Has anyone seen this before? Known issue and I didnt google enough?
Thanks
Ross Warren
Hi Ross
Can you please include sudo sostat-redact so can have a full look at your system.
Regards,
Lysemose
--
You received this message because you are subscribed to the Google Groups "security-onion" group.
To unsubscribe from this group and stop receiving emails from it, send an email to security-onio...@googlegroups.com.
To post to this group, send email to securit...@googlegroups.com.
Visit this group at http://groups.google.com/group/security-onion.
For more options, visit https://groups.google.com/d/optout.
PF_RING hashes the IP headers of the traffic to decide which PF_RING bucket to dump the traffic into for inspection. While I have not looked at the PF_RING source to see how that hashing is done, it is possible that you have one or more very large single streams of traffic that are consuming the majority of your inspected bandwidth and are being processed by that one snort instance.
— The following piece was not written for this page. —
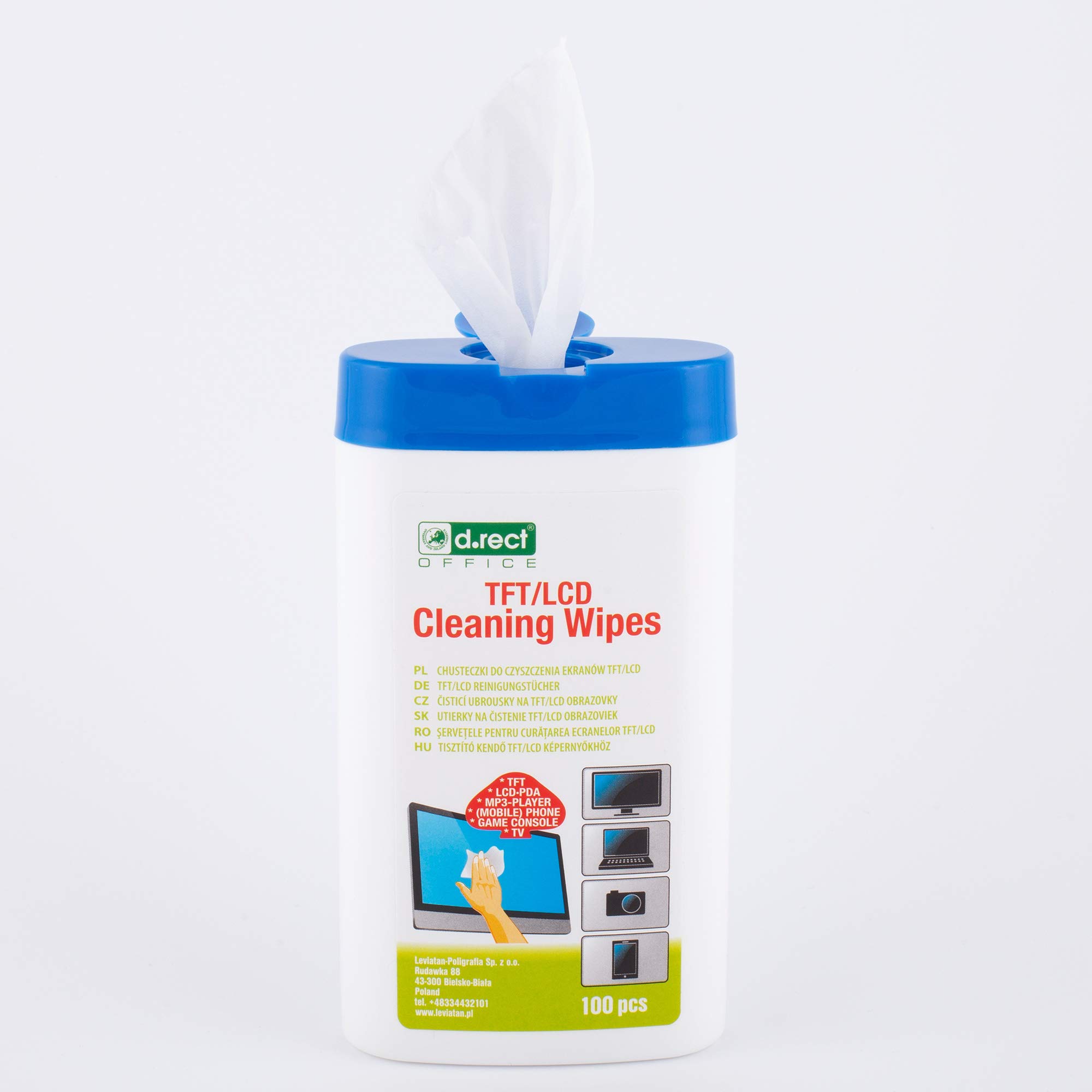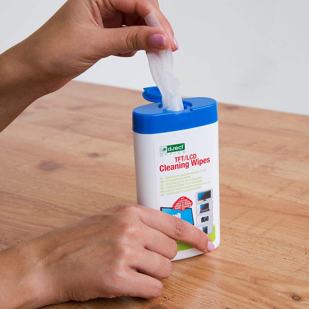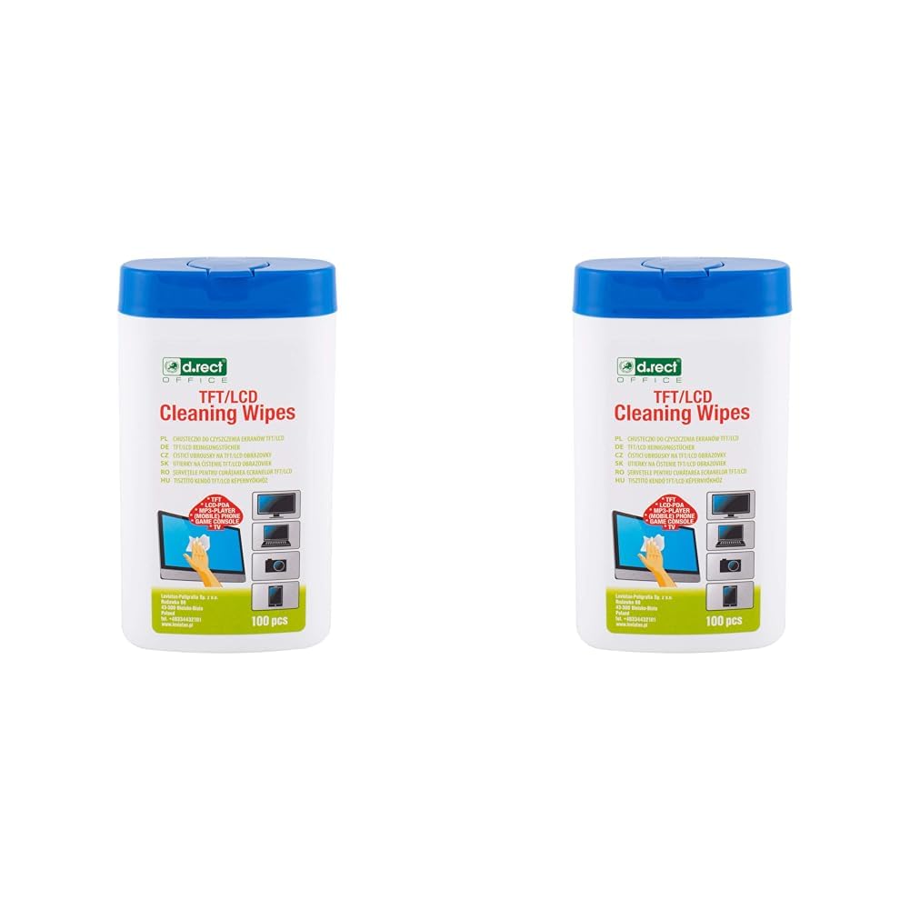 D.RECT Allzweck-Reinigungstücher 100 Stück - Reinigungstücher Feuchte in Spender - Allzwecktücher Feuchte für TFT/LCD-Monitore, Notebook, Tablet (Packung mit 2)

Maybe you can inspect your Bro connections summary logs for that time period to see if you had any very large single streams.
A single snort instance "should" be able to handle that amount of traffic without dropping packets, assuming you do not have a crazy amount of rules (6-7k seems to be what the community sees as the sweet spot) and your hardware is adequately sized and SO is tuned: pf_ring min_slots, pcap_ring_size.
From the README.1st documentation in the pfring-daq-module source distribution:
2. Socket clustering
PF_RING allows you to distribute packets across multiple processes by using
socket clusters.
...
It is also possible to specify the cluster mode, with:
--daq-var clustermode=<mode>
where valid mode values are:
- 2 for 2-tuple flow
- 4 for 4-tuple flow
- 5 for 5-tuple flow
- 6 for 6-tuple flow
The default clustermode for SO is 'config daq_var: clustermode=4'. So, this probably comes back to my original assertion that you have one or more very large streams that were hashed into the same pf_ring slot.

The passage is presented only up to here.